**WHAT TO WORK ON:**
Every entry below should come back unchanged, except that the pictures are dropped.

Stored data:
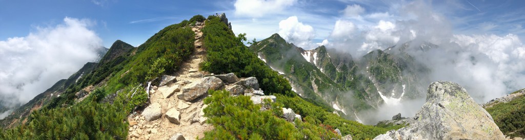 Sunburn in the Japanese Alps – you don’t even feel it, but by the time you’re off the mountain, over the afternoon, you’re going to ripen like a succulent, summer cherry. Sitting in the village foot onsen later that afternoon, I looked down at my legs in dismay. The stop at the icy river on the way home is now a mandatory one. Sunscreen everywhere. Or long clothes.
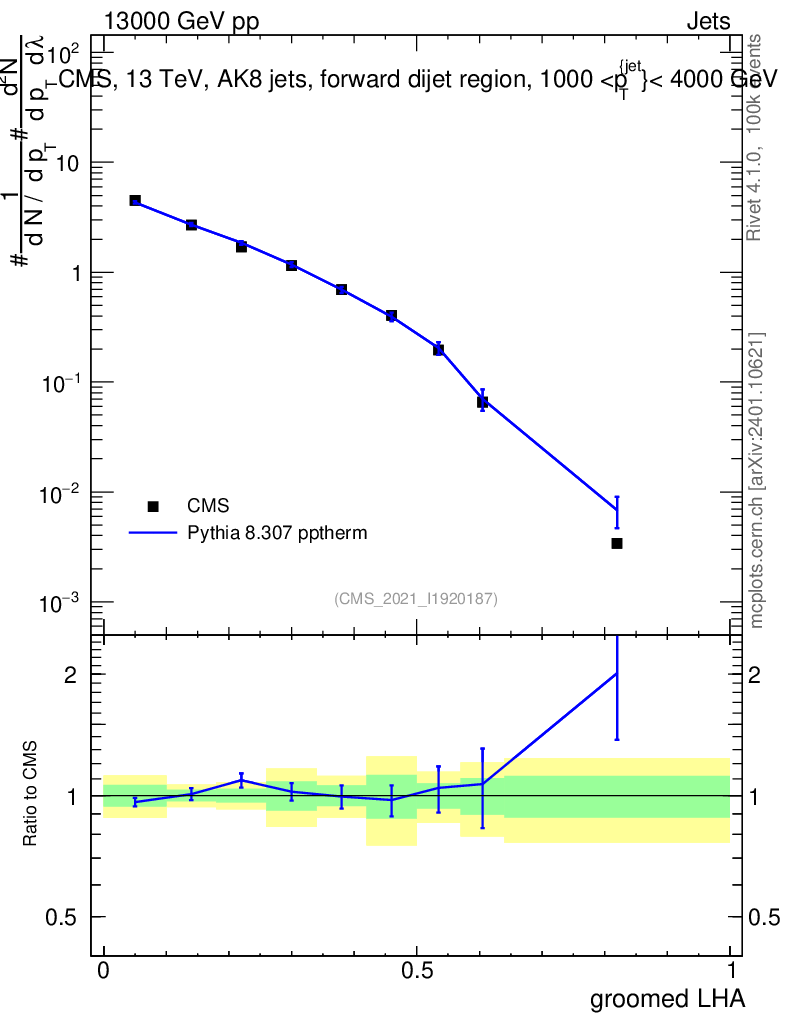 Lines: data, pythia8 8.307 pptherm |
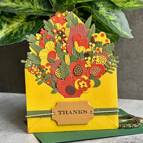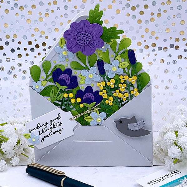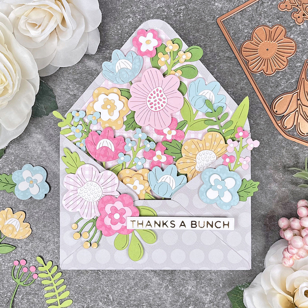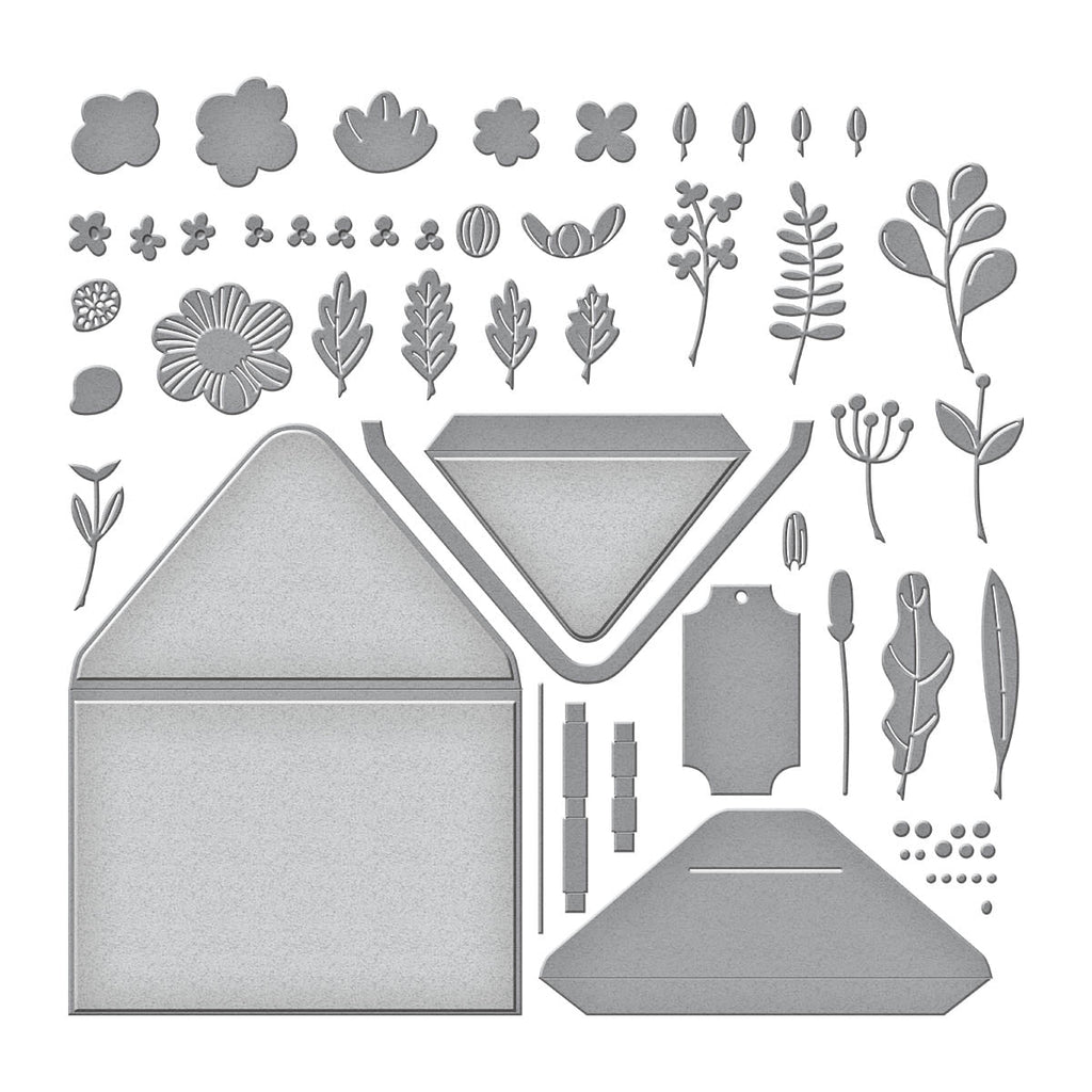 Envelope of Wonder Etched Dies are from the Envelope Full of Wonder Collection. This set includes the envelope that will work with the rest of the die sets in the collection There are 31 thin metal cutting dies that create a wonderful burst of blooms filling an envelope. What a lovely way to celebrate spring or bring a smile to the recipient.
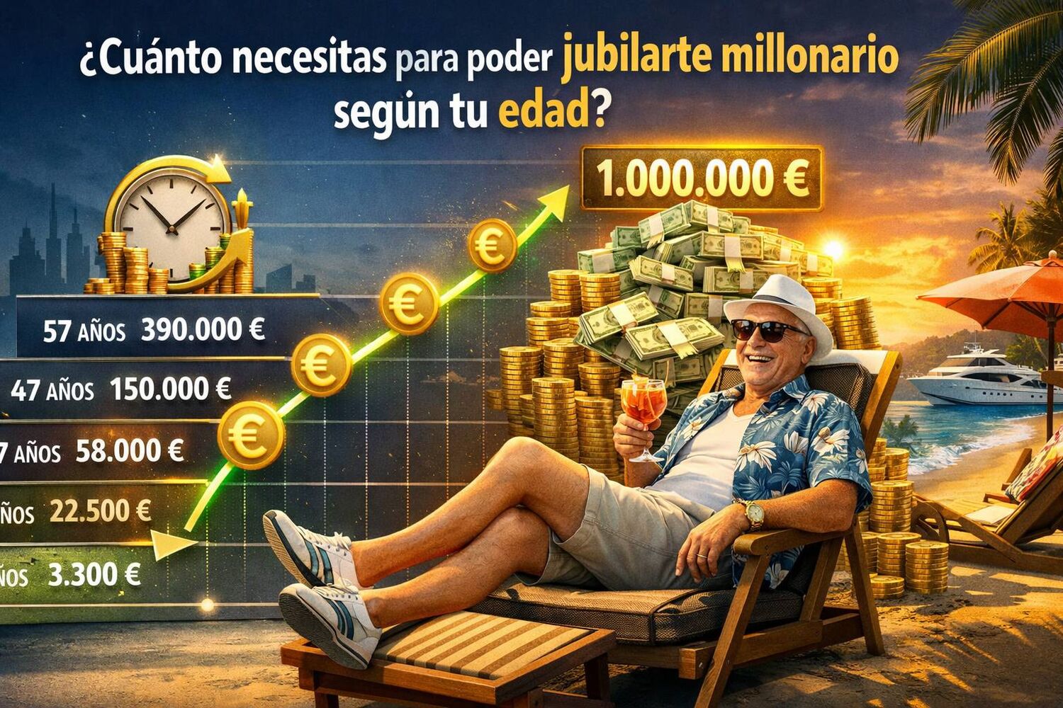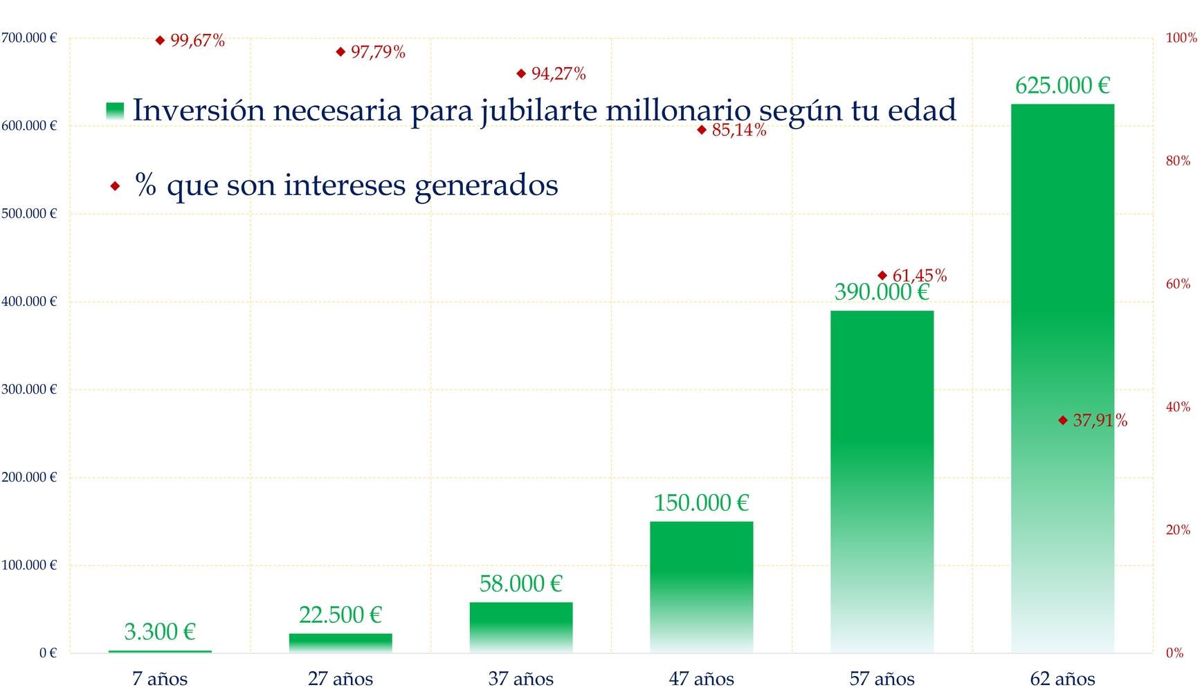 Como bien sabes, el interés compuesto y el tiempo son las claves necesarias para que puedas jubilarte millonario. Ahora bien, depende totalmente de la edad que tengas. No es lo mismo empezar a invertir con 60 años, que con 30, o que hayan invertido un dinero en tu cuenta cuando eras niño. Y de eso depende el tiempo que necesitas.
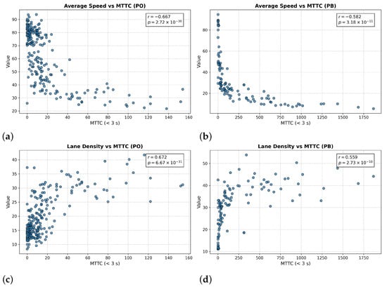 Across all comparisons, the p-values are far below 0.05, indicating statistically significant correlations. The correlation magnitudes are in the moderate range, and the signs are consistent with the expected relationships. Figure 21a,b visualize the Pearson relationships corresponding to Figure 19a,b and Figure 21c,d correspond to Figure 20a,b. As summarized in Table 5, both positive and negative associations are evident. These results confirm that HMTTC is systematically related to speed and density, supporting its use as a congestion-sensitive surrogate safety indicator. These findings provide a quantitative foundation for the interpretation and broader implications discussed in the following section.
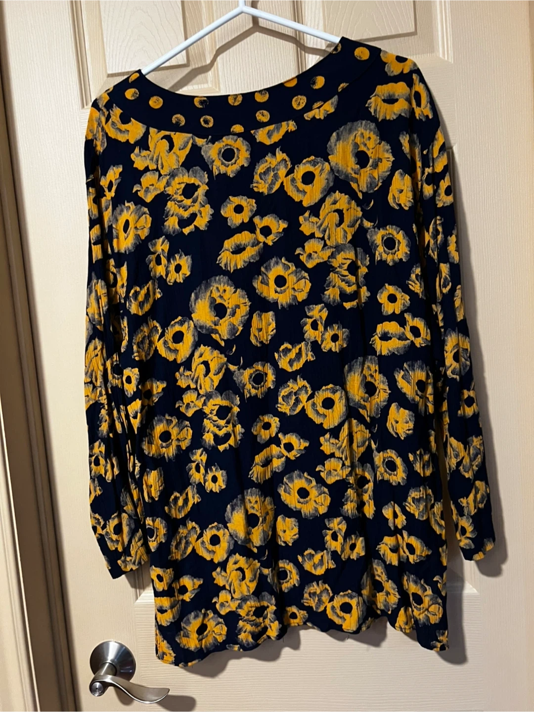 This Carole Little long sleeve blouse and skirt comes in a size large. It features a navy blue background with a bold yellow floral print all over. It's a comfortable and stylish piece for your wardrobe!
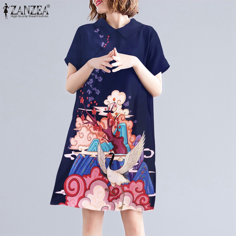 Đầm midi Zanzea tay ngắn có nút cài in họa tiết phong cách vintage thời trang dành cho nữ
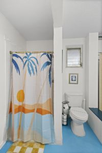 -Spacious bathroom with shower, shampoo, conditioner, body wash, towels
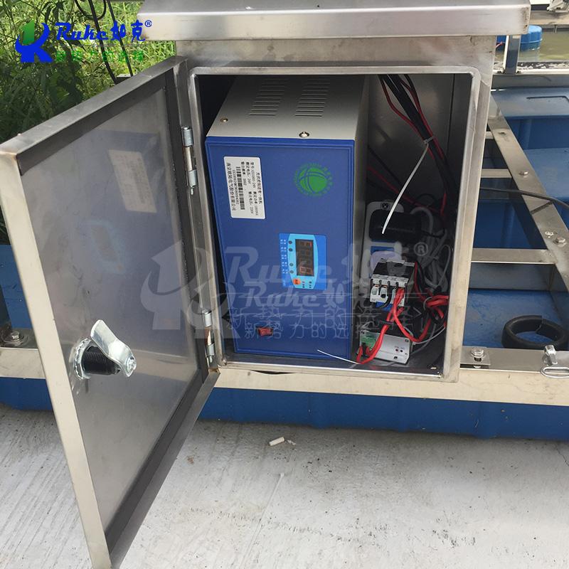 3、將增氧機(jī)安裝在浮船的中央,防止運(yùn)轉(zhuǎn)中自行回轉(zhuǎn)傾翻。
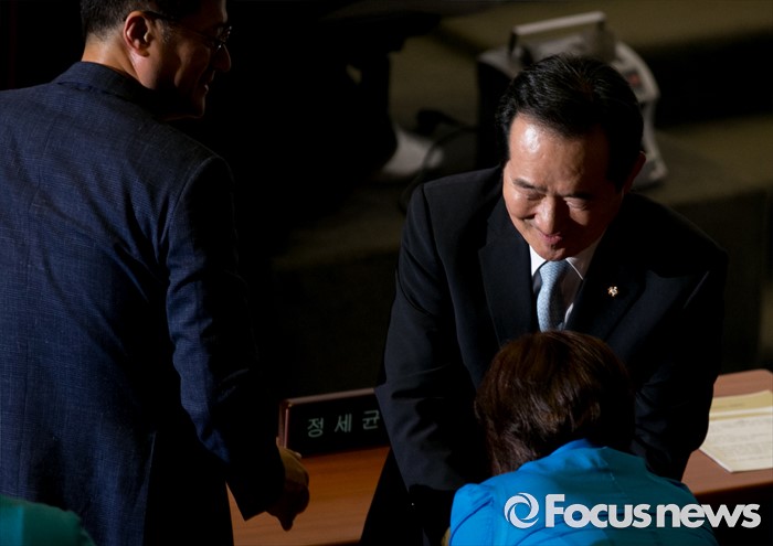 (서울=포커스뉴스) 9일 오후 서울 여의도 국회에서 열린 20대 국회 첫 본회의에서 전반기 국회의장으로 공식 선출된 정세균 더불어민주당 의원이 동료 의원들의 축하를 받고 있다.
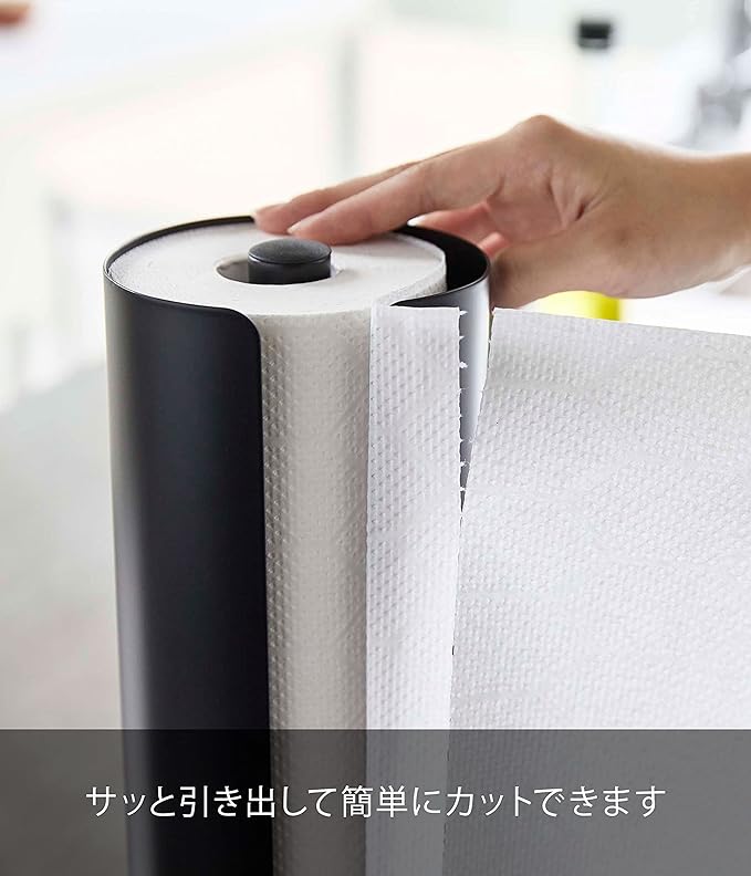 tower 隠せる キッチンペーパーホルダー ブラック 簡単にカット キッチンロールホルダー
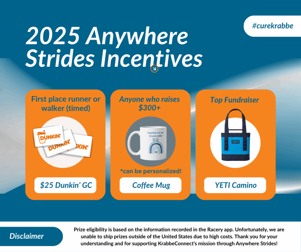 - Share your journey on social media using #AnywhereStrides2025 and #curekrabbe to inspire others to participate and spread awareness.
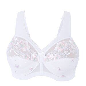Glamorise 48DD MAGIC LIFT Bra (WIDE-STRAPS) Wireless SOFT-CUP (WHITE-FLORAL) NEW
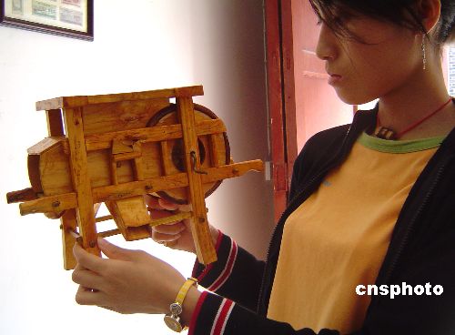 6月1日,重慶市云陽縣農(nóng)民盧炳安開發(fā)出的首批農(nóng)家用具“微縮版”在中國國家風景名勝區(qū)張飛廟三國桃園民俗風情街正式對外出售。喜好木工活的盧炳安在農(nóng)閑時瞄準“微縮版”農(nóng)家用具的市場前景,組織工匠成立了巴渝鄉(xiāng)戀民俗工藝坊,用上等竹、木精雕細琢出渝東特色的“微縮版”農(nóng)家用具,投放到張飛廟景區(qū)旅游產(chǎn)品市場,像玩具一樣的農(nóng)家用具迅即得到了人們的寵愛。作者:周斌
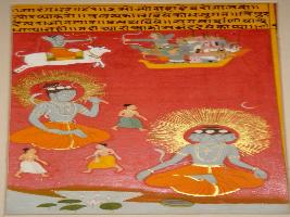 | Description / विवरण | Miniature painting based on Shiv destroying Tripura. The Tripura fort was constructed by a Rakshasa named Tatar. Five headed Shiv, with a halo behind the head, is seen meditating in the lower part of the painting. |
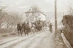 Ein Fuhrwerk ist ein Gespann von Zugtier(en) und gezogenem Transportmittel wie Wagen, Schlitten oder Schleppe. Das veraltete Wort Stellwagen für Fuhrwerk hat sich noch in der Berufsbezeichnung Stellmacher für den Wagenbauer erhalten.[1] Gespann ist häufig eine Bezeichnung für besondere Arten solcher Fuhrwerke, etwa (historische) Lafetten-Gespanne der Artillerie.
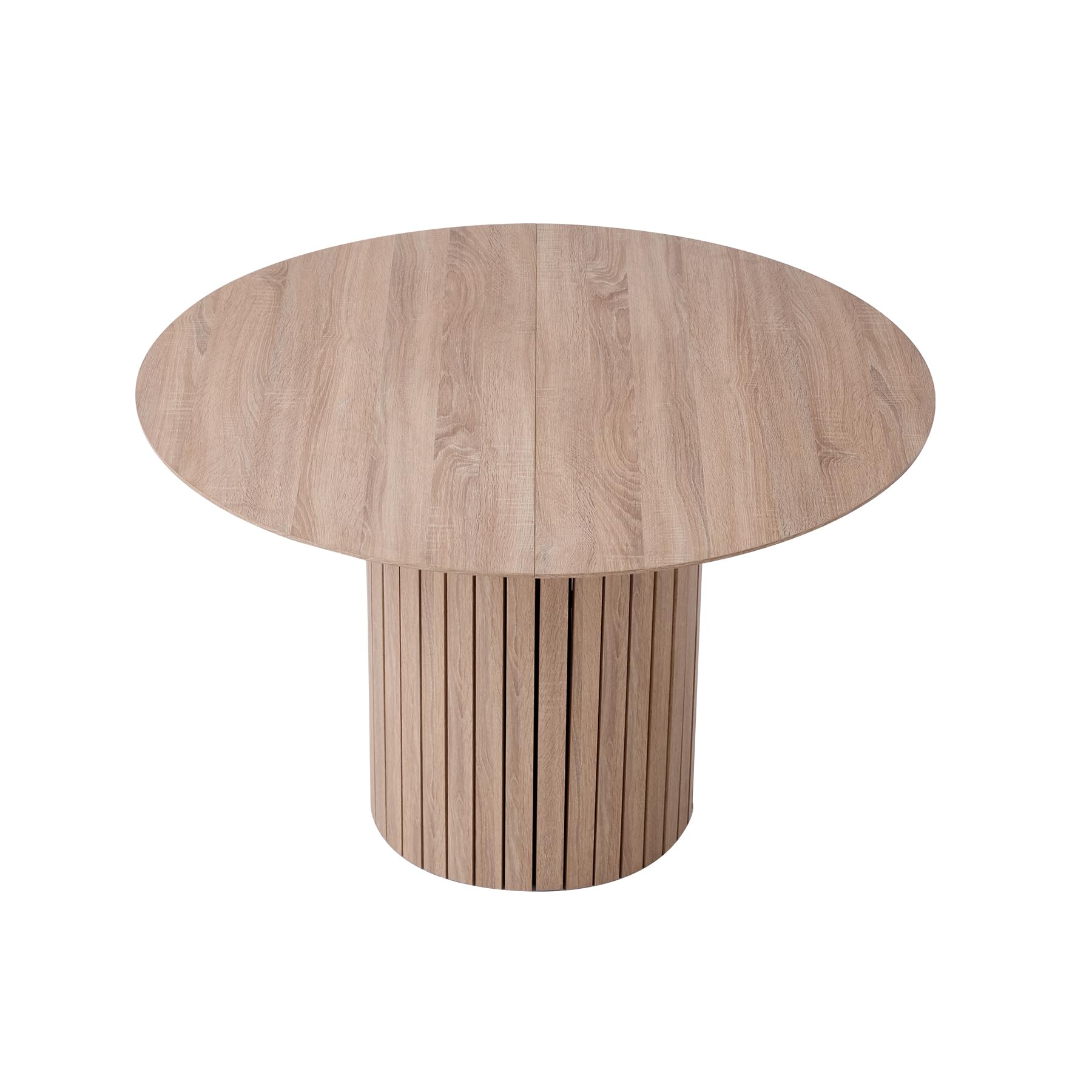 BenyLed Table de Salle à Manger Ronde de 120 cm pour 4-6 Personnes, Table de Cuisine Fermière avec Base Cylindrique, Plateau en MDF et Socle à Lattes en Bois (Grain de Bois Clair)

**TASK ANSWER:**
 Sunburn in the Japanese Alps – you don’t even feel it, but by the time you’re off the mountain, over the afternoon, you’re going to ripen like a succulent, summer cherry. Sitting in the village foot onsen later that afternoon, I looked down at my legs in dismay. The stop at the icy river on the way home is now a mandatory one. Sunscreen everywhere. Or long clothes.
 Lines: data, pythia8 8.307 pptherm |
 Envelope of Wonder Etched Dies are from the Envelope Full of Wonder Collection. This set includes the envelope that will work with the rest of the die sets in the collection There are 31 thin metal cutting dies that create a wonderful burst of blooms filling an envelope. What a lovely way to celebrate spring or bring a smile to the recipient.
 Como bien sabes, el interés compuesto y el tiempo son las claves necesarias para que puedas jubilarte millonario. Ahora bien, depende totalmente de la edad que tengas. No es lo mismo empezar a invertir con 60 años, que con 30, o que hayan invertido un dinero en tu cuenta cuando eras niño. Y de eso depende el tiempo que necesitas.
 Across all comparisons, the p-values are far below 0.05, indicating statistically significant correlations. The correlation magnitudes are in the moderate range, and the signs are consistent with the expected relationships. Figure 21a,b visualize the Pearson relationships corresponding to Figure 19a,b and Figure 21c,d correspond to Figure 20a,b. As summarized in Table 5, both positive and negative associations are evident. These results confirm that HMTTC is systematically related to speed and density, supporting its use as a congestion-sensitive surrogate safety indicator. These findings provide a quantitative foundation for the interpretation and broader implications discussed in the following section.
 This Carole Little long sleeve blouse and skirt comes in a size large. It features a navy blue background with a bold yellow floral print all over. It's a comfortable and stylish piece for your wardrobe!
 Đầm midi Zanzea tay ngắn có nút cài in họa tiết phong cách vintage thời trang dành cho nữ
 -Spacious bathroom with shower, shampoo, conditioner, body wash, towels
 3、將增氧機(jī)安裝在浮船的中央,防止運(yùn)轉(zhuǎn)中自行回轉(zhuǎn)傾翻。
 (서울=포커스뉴스) 9일 오후 서울 여의도 국회에서 열린 20대 국회 첫 본회의에서 전반기 국회의장으로 공식 선출된 정세균 더불어민주당 의원이 동료 의원들의 축하를 받고 있다.
 tower 隠せる キッチンペーパーホルダー ブラック 簡単にカット キッチンロールホルダー
 - Share your journey on social media using #AnywhereStrides2025 and #curekrabbe to inspire others to participate and spread awareness.
Glamorise 48DD MAGIC LIFT Bra (WIDE-STRAPS) Wireless SOFT-CUP (WHITE-FLORAL) NEW
 6月1日,重慶市云陽縣農(nóng)民盧炳安開發(fā)出的首批農(nóng)家用具“微縮版”在中國國家風景名勝區(qū)張飛廟三國桃園民俗風情街正式對外出售。喜好木工活的盧炳安在農(nóng)閑時瞄準“微縮版”農(nóng)家用具的市場前景,組織工匠成立了巴渝鄉(xiāng)戀民俗工藝坊,用上等竹、木精雕細琢出渝東特色的“微縮版”農(nóng)家用具,投放到張飛廟景區(qū)旅游產(chǎn)品市場,像玩具一樣的農(nóng)家用具迅即得到了人們的寵愛。作者:周斌
 | Description / विवरण | Miniature painting based on Shiv destroying Tripura. The Tripura fort was constructed by a Rakshasa named Tatar. Five headed Shiv, with a halo behind the head, is seen meditating in the lower part of the painting. |
 Ein Fuhrwerk ist ein Gespann von Zugtier(en) und gezogenem Transportmittel wie Wagen, Schlitten oder Schleppe. Das veraltete Wort Stellwagen für Fuhrwerk hat sich noch in der Berufsbezeichnung Stellmacher für den Wagenbauer erhalten.[1] Gespann ist häufig eine Bezeichnung für besondere Arten solcher Fuhrwerke, etwa (historische) Lafetten-Gespanne der Artillerie.
 BenyLed Table de Salle à Manger Ronde de 120 cm pour 4-6 Personnes, Table de Cuisine Fermière avec Base Cylindrique, Plateau en MDF et Socle à Lattes en Bois (Grain de Bois Clair)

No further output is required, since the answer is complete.